The activities performed on Big Data are way more important than the measurements:

  • Store – Big data may have to be collected in a seamless repository, not necessarily in a single physical database.
  • Process – To cleanse, enrich, calculate, transform, and run algorithms is way more complex than on traditional data.
  • Access – If the data cannot be searched, retrieved, and visually presented, it is hard to make any business sense of it at all.

John offered these wisdoms too, which I thought were important:

  • Big Data is not an incremental solution to the old problem of data getting more, but it is a totally new disruptive approach, where you have to trade off consistency against availability and performance.
  • When analysing Big Data you may also have to settle for an up-to-date estimated indicator across a very large population, rather than a 100% accurate measurement. That typifies the difference between Big Data and traditional Analytics.
  • Although Big Data contributes to further customer insights, organisations have to follow the ground rule that customer profiles must be maintained in one single system to avoid duplication and inconsistency.

Solving the Mysteries of the Universe with Big Data

Sverre Jarp, CTO of CERN, who runs the Large Hadron Collider (LHC) project in Switzerland, gave a very interesting presentation on the generation and processing of scientific data at CERN. It is simply astounding how much data is generated by the multitudes of sensors in the LHC, as well as the complexities of their analyses. Much like Google and Yahoo! CERN have developed their own highly distributed data store, spread over commodity hardware located all over the world, accessed through community-developed analysis tools. At the time they started, Hadoop didn’t even exist…

A very useful comment by Sverre was that you have to force structure onto the unstructured data as early as possible in the process, in order to be able to effectively filter, process and analyse it.

Understanding and working with unstructured text

Bill Inmon gave two presentations based on the premise that the vast majority of useful Big Data is unstructured text.
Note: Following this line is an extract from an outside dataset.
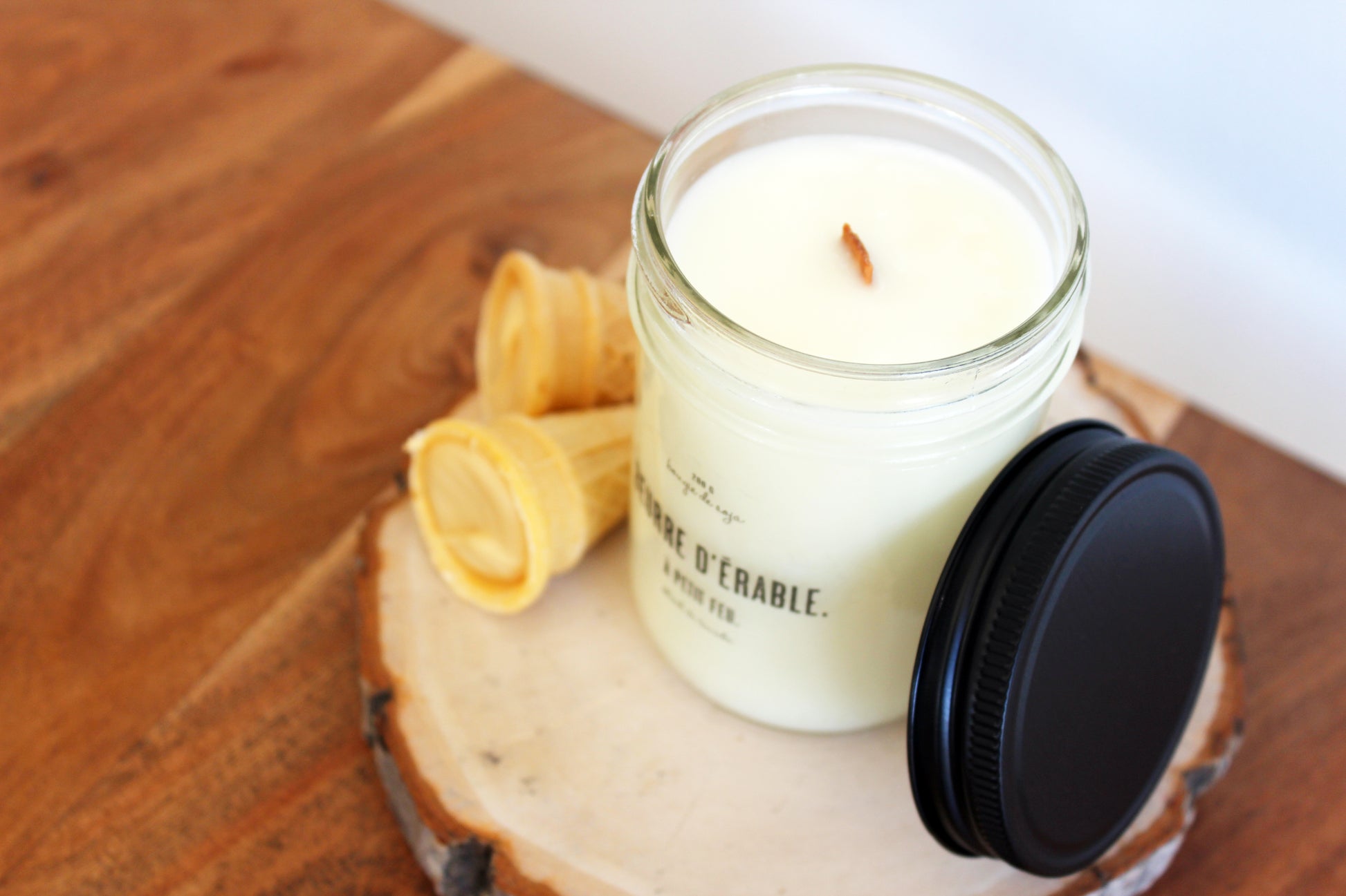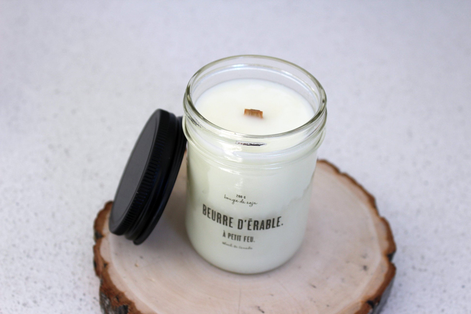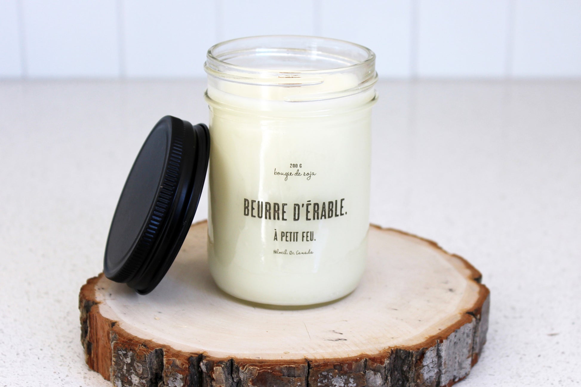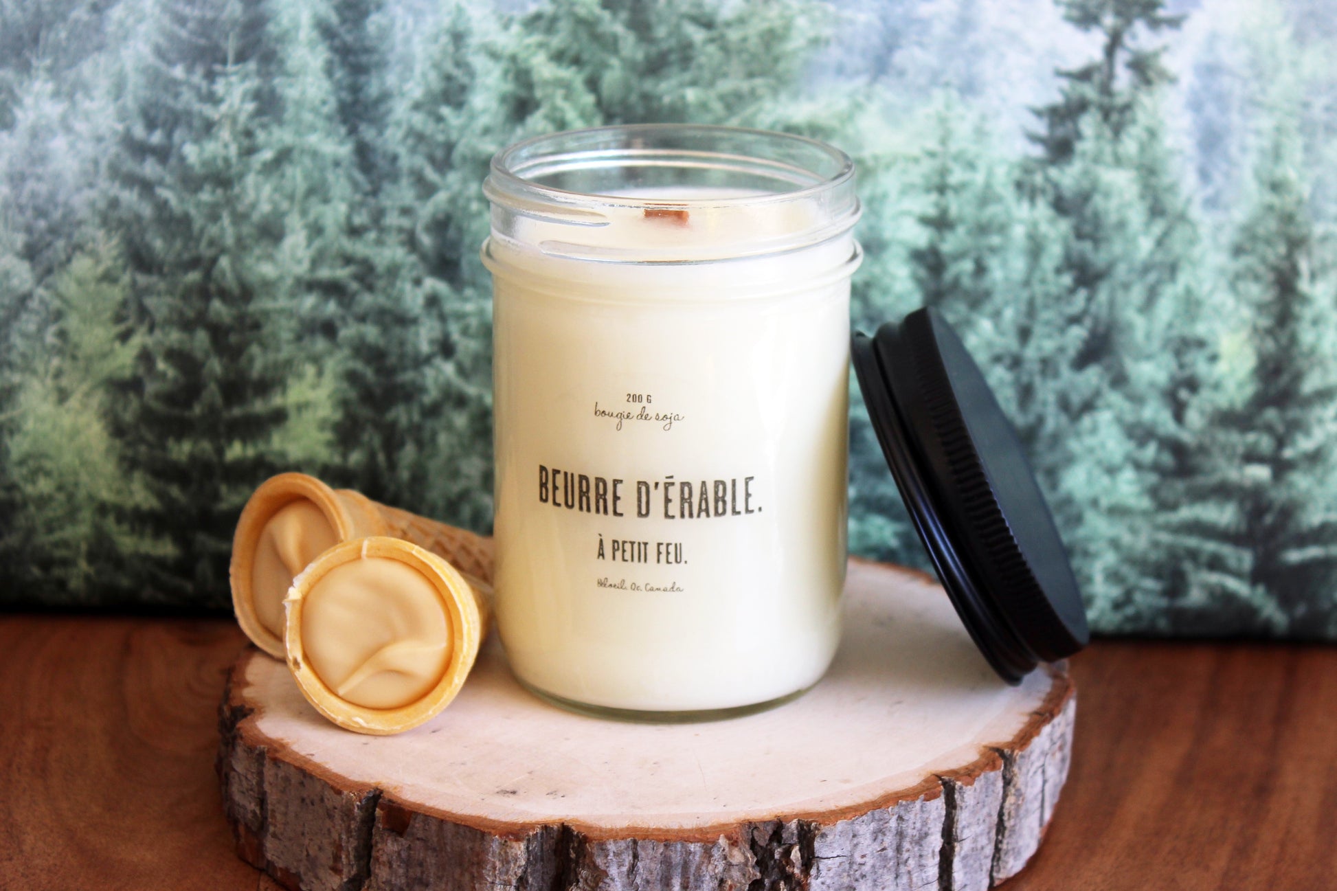 Notre bougie beurre d'érable sent le sirop d’érable et les crêpes au beurre. Un mélange parfait de sucré et de salé qui ravira les amoureux des produits de l'érable. Dans son pot rustique qui s'agencera à tous les décors, cette bougie fait aussi un petit cadeau qui s'offre facilement.

He showed that raw text can be downright dangerous to use blindly, but it is equally dangerous to ignore it – as illustrated by the Gulf oil spill. An interesting application of natural language processing is the automated documentation of old source code.

Raw text requires context, recognition, interpretation, standardisation and other enrichments such as terminology resolution, taxonomy, proximity / cluster analysis, cross-language translation and slang / shorthand / acronym translation to unearth the real data represented by the text.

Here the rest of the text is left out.